- _Saved entries_:
╔══
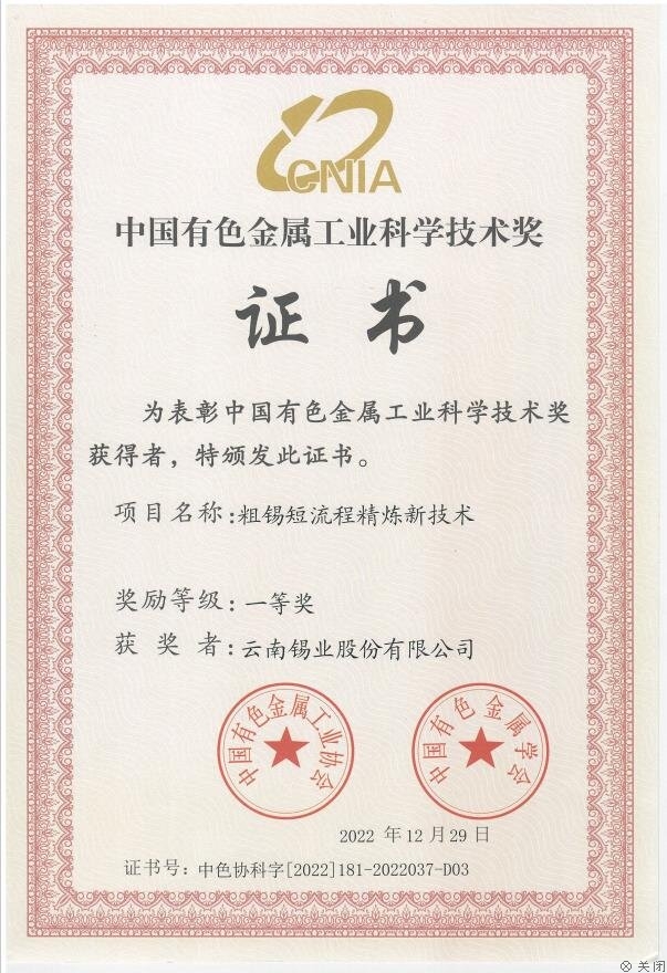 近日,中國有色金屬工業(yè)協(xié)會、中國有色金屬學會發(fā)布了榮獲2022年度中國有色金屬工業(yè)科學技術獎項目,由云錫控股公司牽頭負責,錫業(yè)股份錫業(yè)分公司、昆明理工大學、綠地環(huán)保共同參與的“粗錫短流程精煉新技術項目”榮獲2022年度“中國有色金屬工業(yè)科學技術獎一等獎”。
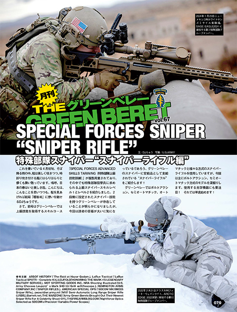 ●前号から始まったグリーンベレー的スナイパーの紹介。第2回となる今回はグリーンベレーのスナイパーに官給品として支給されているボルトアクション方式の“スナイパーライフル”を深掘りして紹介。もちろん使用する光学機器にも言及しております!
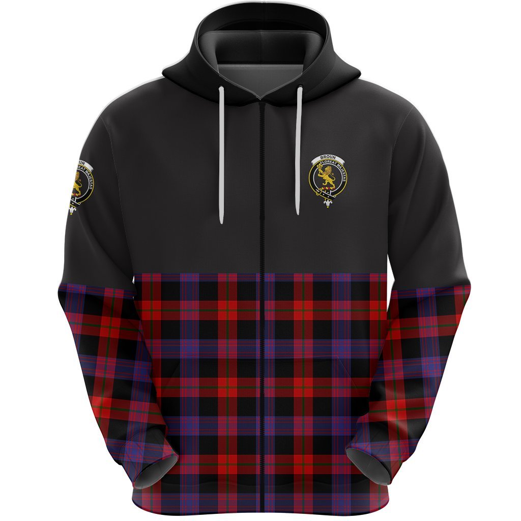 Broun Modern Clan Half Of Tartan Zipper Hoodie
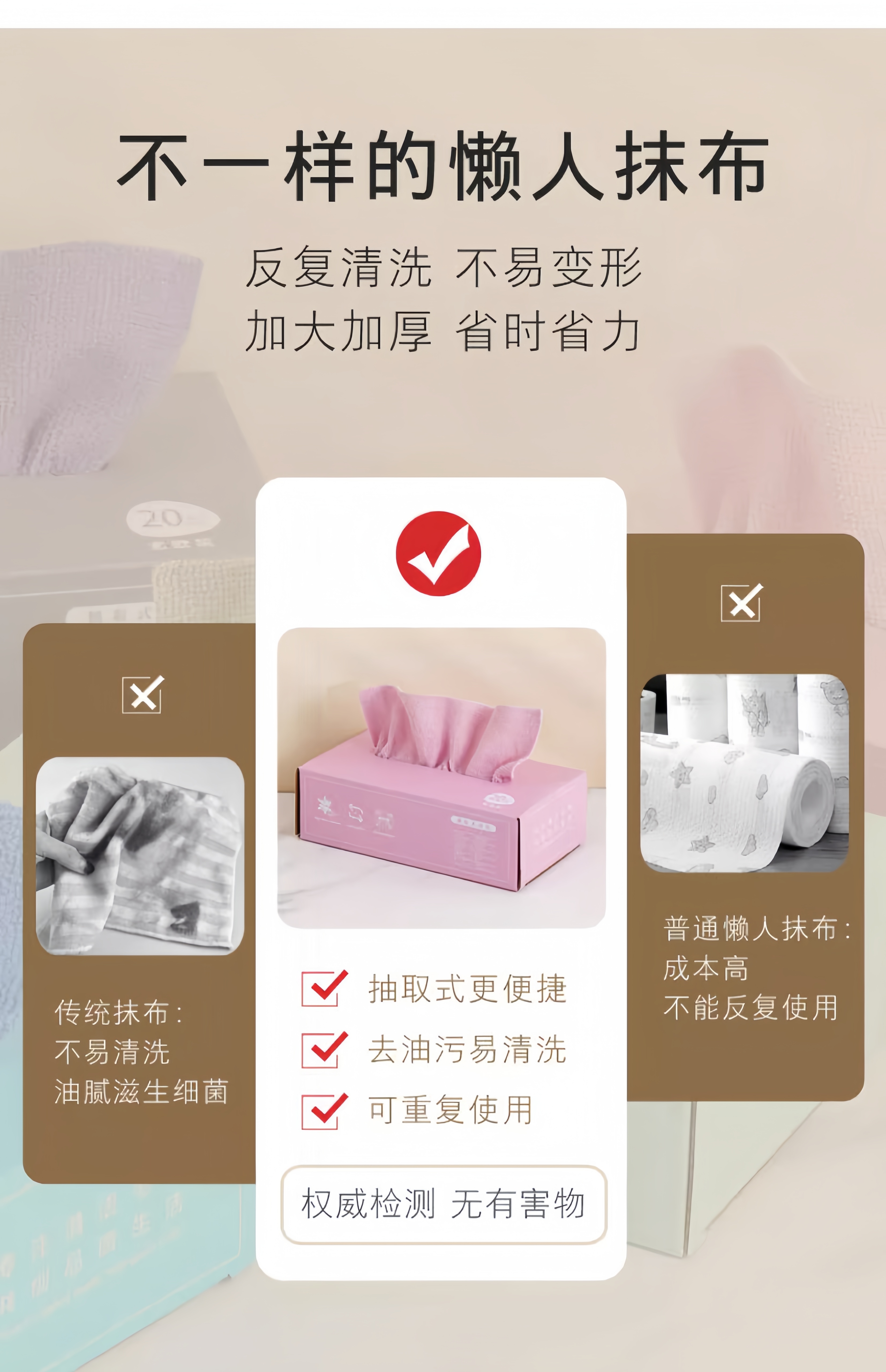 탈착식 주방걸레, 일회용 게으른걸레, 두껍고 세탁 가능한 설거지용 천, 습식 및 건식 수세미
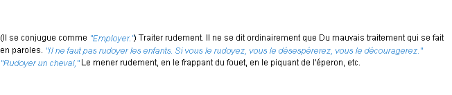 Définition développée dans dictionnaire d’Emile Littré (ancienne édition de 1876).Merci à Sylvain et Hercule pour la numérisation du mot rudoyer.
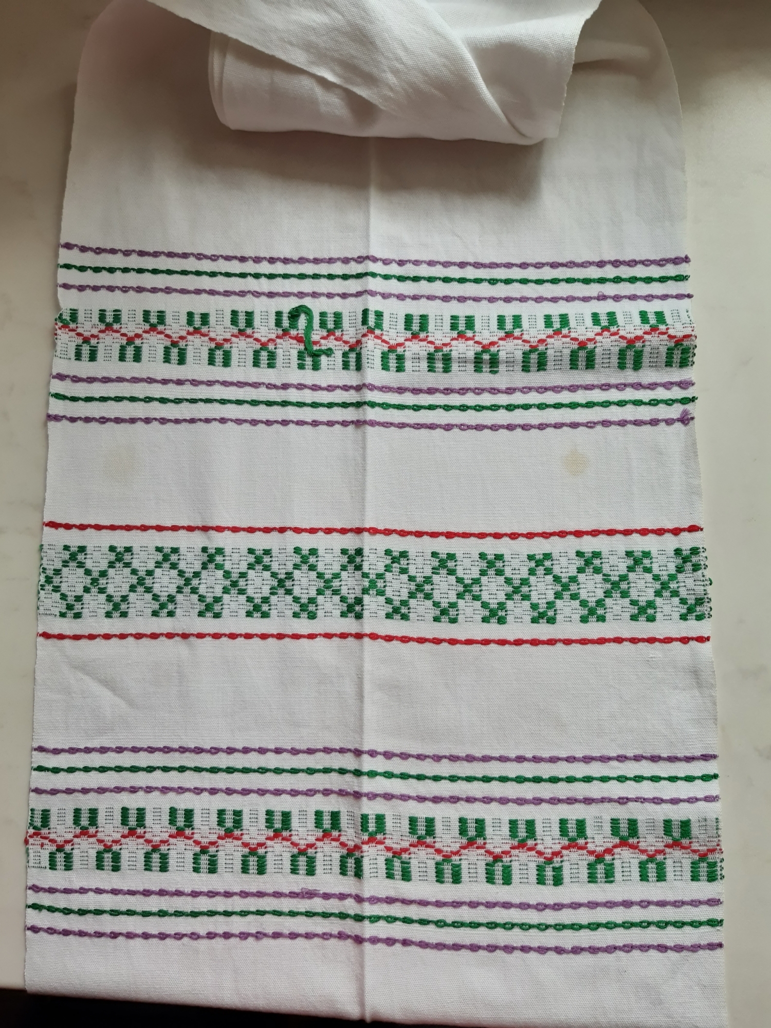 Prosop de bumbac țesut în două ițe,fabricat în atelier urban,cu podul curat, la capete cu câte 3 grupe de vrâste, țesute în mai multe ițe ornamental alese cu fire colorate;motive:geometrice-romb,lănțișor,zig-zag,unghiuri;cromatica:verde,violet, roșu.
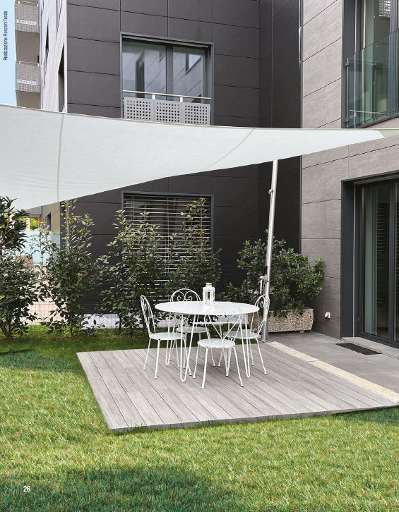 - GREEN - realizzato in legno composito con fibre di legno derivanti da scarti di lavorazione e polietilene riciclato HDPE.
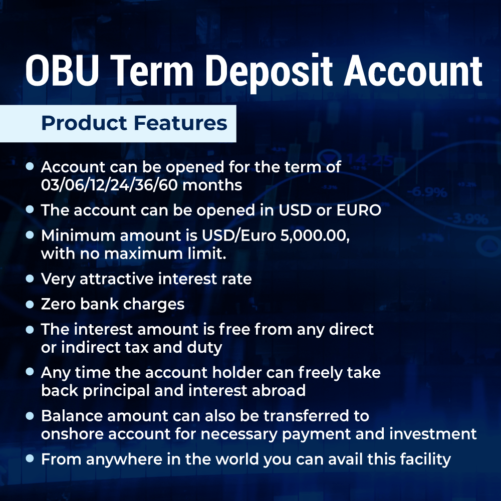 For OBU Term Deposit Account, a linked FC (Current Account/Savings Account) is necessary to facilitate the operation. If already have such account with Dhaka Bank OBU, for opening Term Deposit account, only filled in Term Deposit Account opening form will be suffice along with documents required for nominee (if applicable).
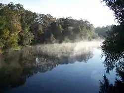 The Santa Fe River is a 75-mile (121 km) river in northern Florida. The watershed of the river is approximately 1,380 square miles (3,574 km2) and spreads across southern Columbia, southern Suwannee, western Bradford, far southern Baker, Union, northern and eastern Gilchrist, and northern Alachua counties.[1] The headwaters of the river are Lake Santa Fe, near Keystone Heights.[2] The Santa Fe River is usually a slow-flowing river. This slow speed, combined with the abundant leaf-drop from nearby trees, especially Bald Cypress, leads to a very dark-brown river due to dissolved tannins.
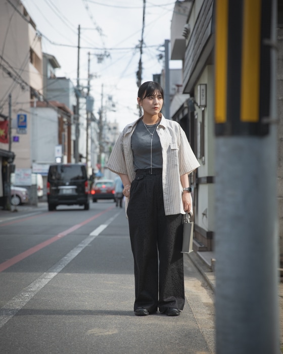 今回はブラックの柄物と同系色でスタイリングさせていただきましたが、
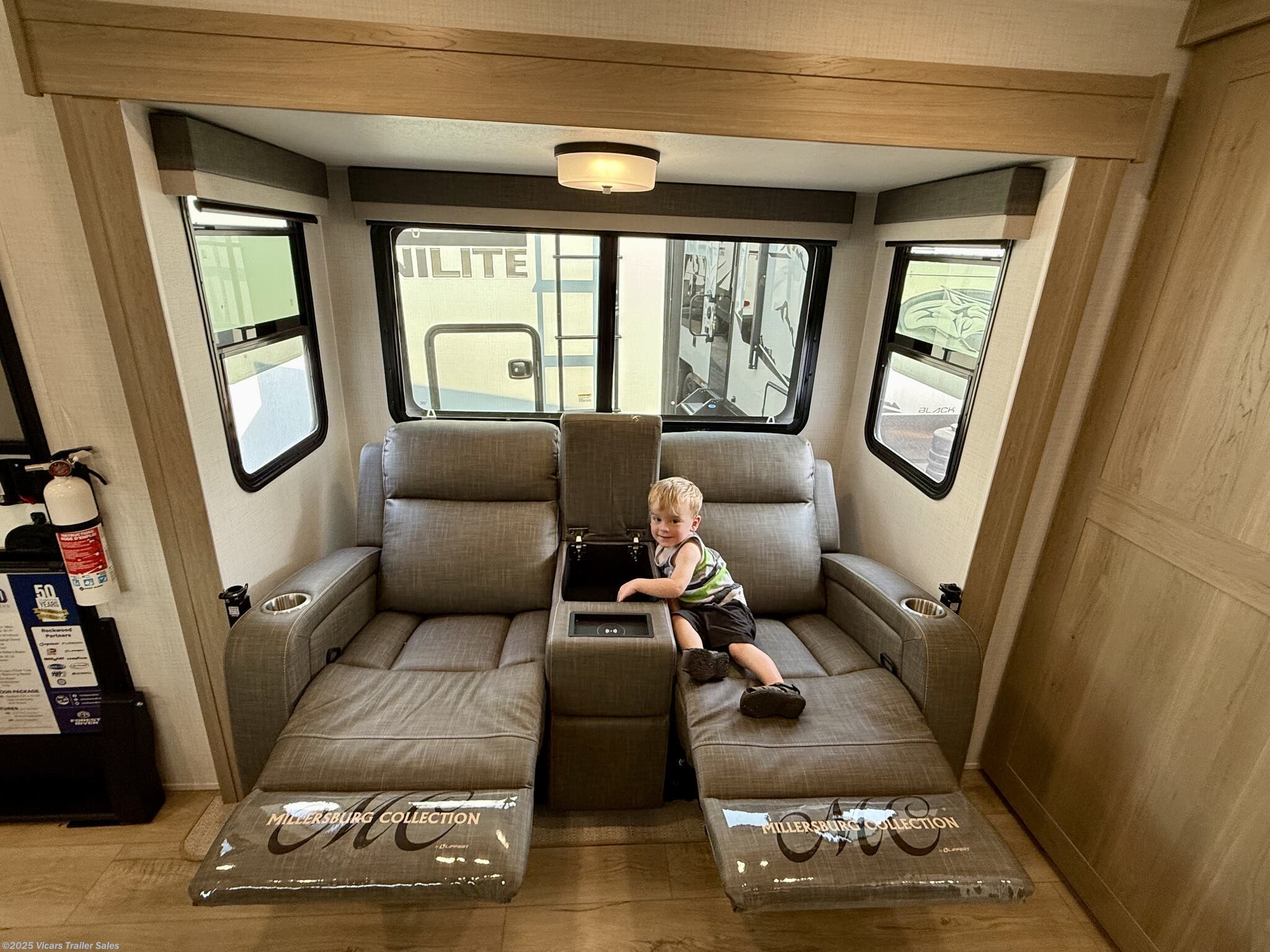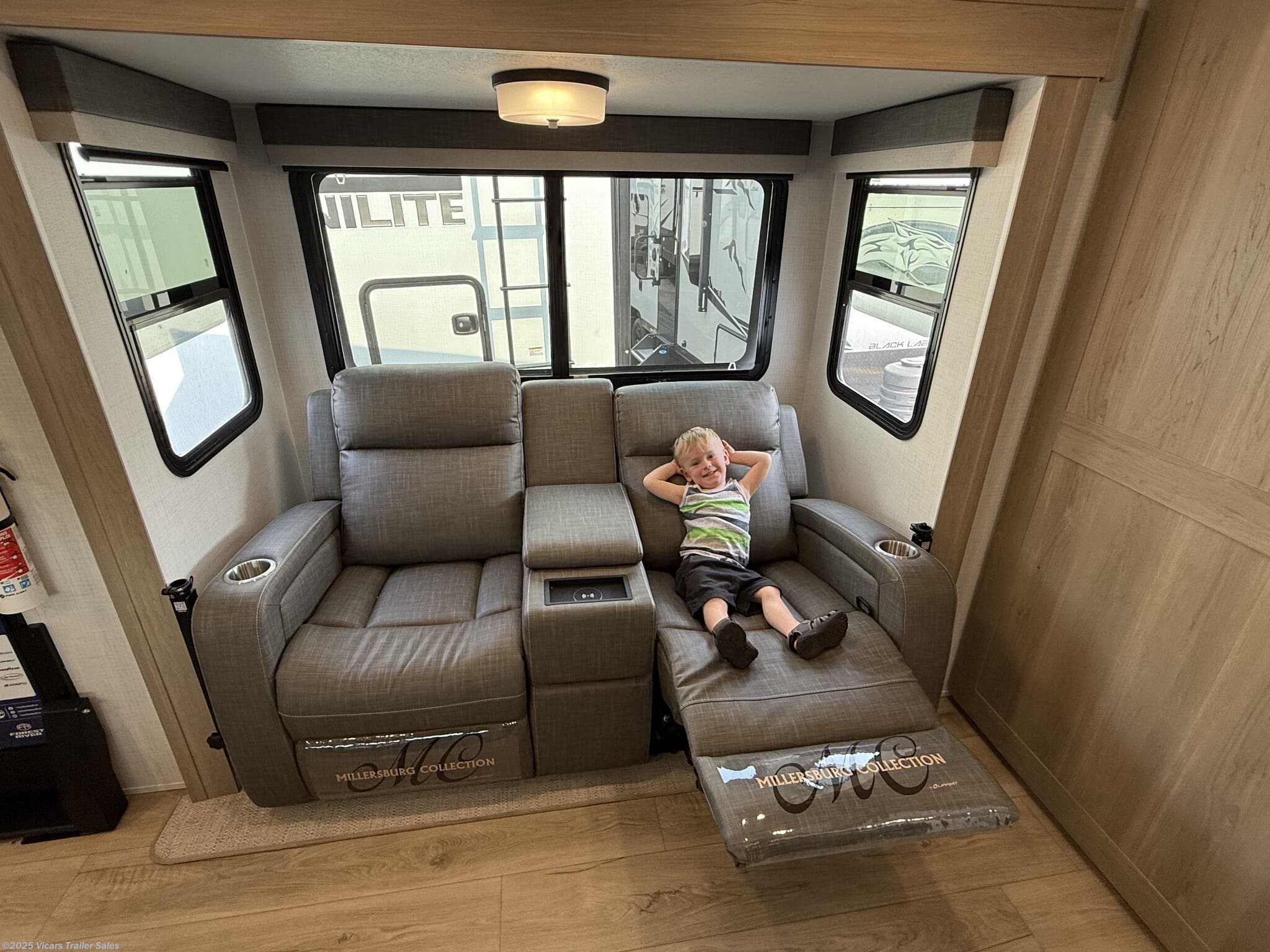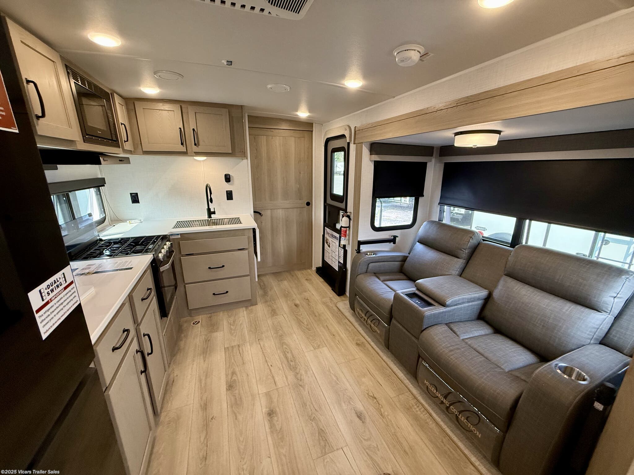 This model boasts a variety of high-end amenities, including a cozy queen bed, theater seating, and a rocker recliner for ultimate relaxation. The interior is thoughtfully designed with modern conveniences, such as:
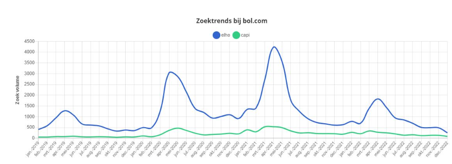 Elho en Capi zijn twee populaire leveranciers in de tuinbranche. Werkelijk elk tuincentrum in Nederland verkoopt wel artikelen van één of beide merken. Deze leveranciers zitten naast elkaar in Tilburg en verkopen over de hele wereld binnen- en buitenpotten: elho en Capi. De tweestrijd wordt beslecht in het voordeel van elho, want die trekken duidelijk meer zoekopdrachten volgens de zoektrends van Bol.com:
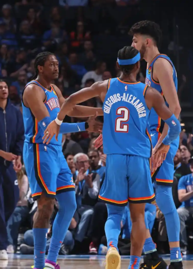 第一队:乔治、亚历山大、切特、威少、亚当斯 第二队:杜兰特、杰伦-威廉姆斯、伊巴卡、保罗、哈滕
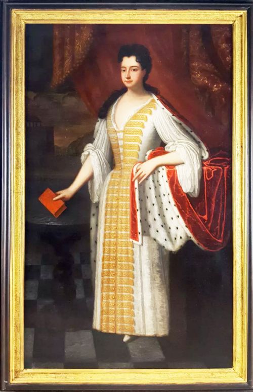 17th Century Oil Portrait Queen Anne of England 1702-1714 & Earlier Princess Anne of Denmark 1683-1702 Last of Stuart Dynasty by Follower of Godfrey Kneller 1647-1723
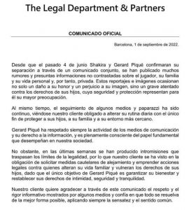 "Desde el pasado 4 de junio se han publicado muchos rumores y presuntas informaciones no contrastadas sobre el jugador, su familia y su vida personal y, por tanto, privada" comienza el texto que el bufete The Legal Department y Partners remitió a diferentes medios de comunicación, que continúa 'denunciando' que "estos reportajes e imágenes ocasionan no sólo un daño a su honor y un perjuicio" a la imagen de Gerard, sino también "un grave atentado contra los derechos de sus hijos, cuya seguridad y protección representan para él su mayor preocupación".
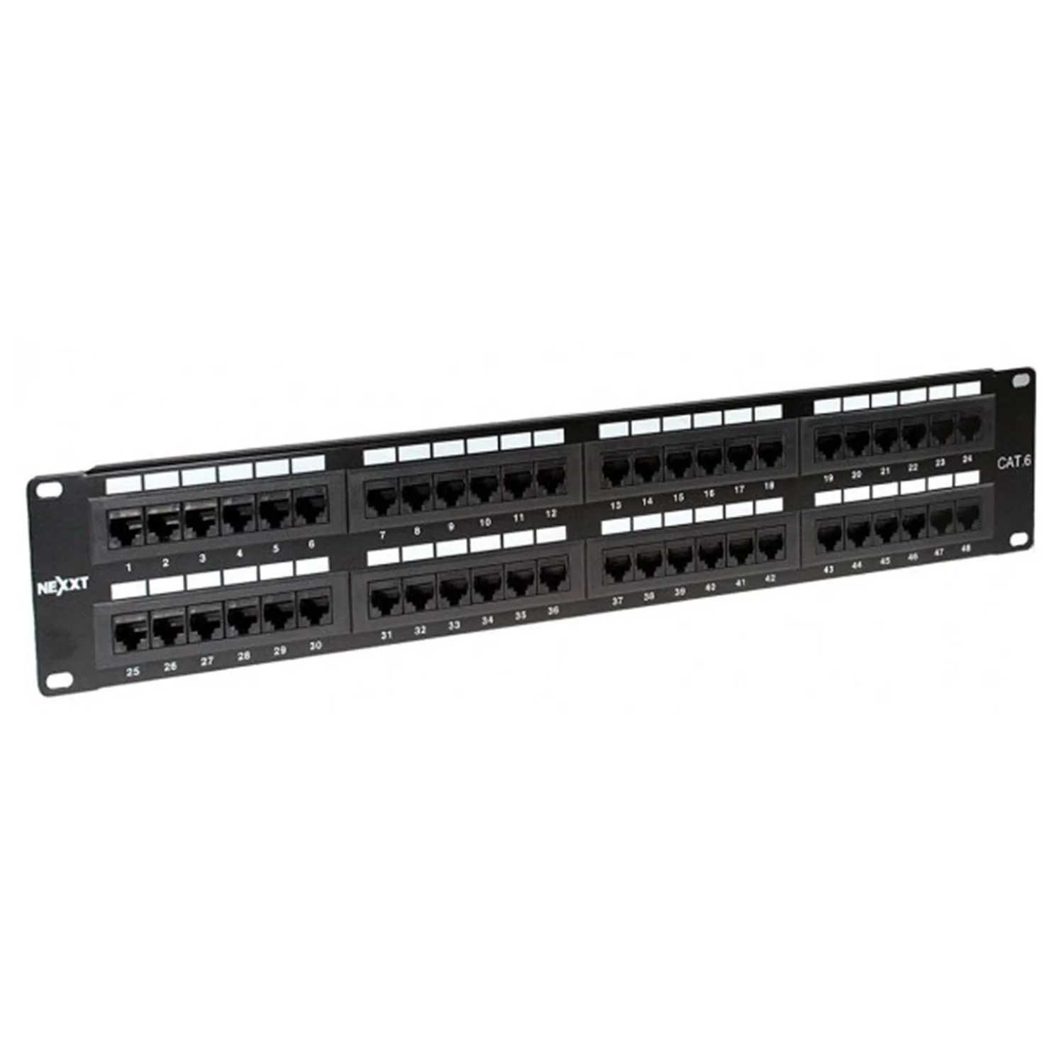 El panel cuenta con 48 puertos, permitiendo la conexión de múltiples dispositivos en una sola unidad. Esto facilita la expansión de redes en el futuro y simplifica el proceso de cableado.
╚══
- _Prompt_: Exactly as written, restate the lines above from the opening line through the one holding "Broun Modern Clan", omitting the pictures.

- _Result for this exercise_:
 近日,中國有色金屬工業(yè)協(xié)會、中國有色金屬學會發(fā)布了榮獲2022年度中國有色金屬工業(yè)科學技術獎項目,由云錫控股公司牽頭負責,錫業(yè)股份錫業(yè)分公司、昆明理工大學、綠地環(huán)保共同參與的“粗錫短流程精煉新技術項目”榮獲2022年度“中國有色金屬工業(yè)科學技術獎一等獎”。
 ●前号から始まったグリーンベレー的スナイパーの紹介。第2回となる今回はグリーンベレーのスナイパーに官給品として支給されているボルトアクション方式の“スナイパーライフル”を深掘りして紹介。もちろん使用する光学機器にも言及しております!
 Broun Modern Clan Half Of Tartan Zipper Hoodie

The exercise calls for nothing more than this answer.